Continuous integration (Continuous integration, hereinafter referred to as CI) as one of the advanced project practices, has gradually been the focus of domestic software companies in recent years, but for many friends, may have never heard of the word continuous integration, or just understand the concept but did not practice.
What is continuous integration. What benefits does it have for software development?
concept of continuous integration
With the increasing complexity of software development, how to work well together among team members to ensure the quality of software development has gradually become an unavoidable problem in the development process. Especially in recent years, agile is becoming more and more prosperous in the field of software engineering, and how to adapt and guarantee the software quality in the changing demand is especially important.

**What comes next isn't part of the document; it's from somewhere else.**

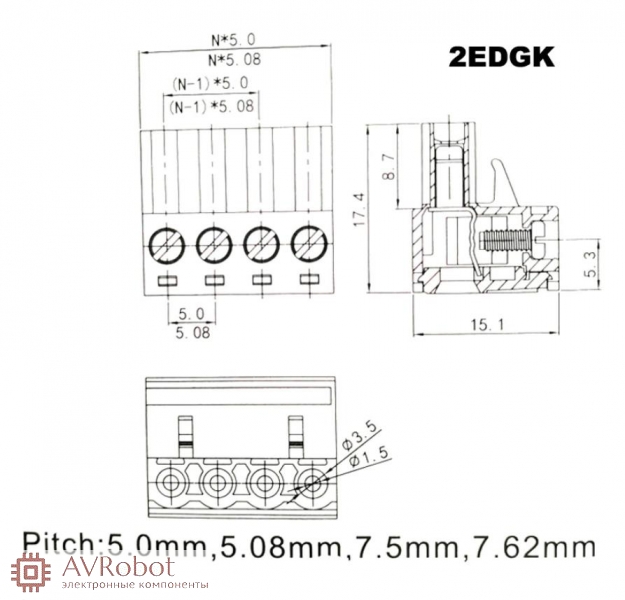 Для провода 0.5мм (30AWG) мин. до 2.5мм (14AWG) макс. Длина зачищаемой части провода -7.5мм. Шаг контактов - 5.08мм. Винт: М2.5.

Continuous integration is a software development practice for this type of problem: it advocates that team development members must often integrate their work, even multiple times a day. Each integration is validated through automated builds, including automated compilation, publishing, and testing to quickly identify integration errors and enable teams to develop products faster.
Let's take a project as an example to describe how a common team uses CI:
First, explain the integration: all project code is hosted on the SVN or Git server (hereinafter referred to as the Code server). Each project has several unit tests and integration tests. Integration testing is a logical extension of unit testing: On the basis of unit testing, all modules are assembled as subsystems or systems for integration testing according to the design requirements. The practice shows that although some modules can work independently, they are not guaranteed to work properly. Some of the problems that are partially reflected in the world are likely to be exposed (detailed information about unit tests and integration tests, which readers can refer to for documentation).
Simply put, the integration test runs all the unit tests and other tests that can be done automatically. Only the code that passes the integration test can be uploaded to the code server, ensuring that the uploaded code is not problematic. Integration is generally referred to as integration testing.
Continuous, it is obvious that the long-term integration testing of the code. Since it is long-term, then it is best to automate, otherwise manual execution is not guaranteed, and labor-intensive.
For this purpose, we need a server that will periodically pull from the code server, compile, and then run the integration test automatically, and the results of each integration test will be documented.
In a project, the period for which this work is performed is set to 1 days. This means that the server will automatically perform an integrated test of the latest code on the code server on a daily basis.
features of continuous integration It is an automated, cyclical integration test process, from pull-out codes, build builds, run tests, result records, test statistics, and so on, without manual intervention, with dedicated integration servers to perform the integration build, and code-hosting tools support.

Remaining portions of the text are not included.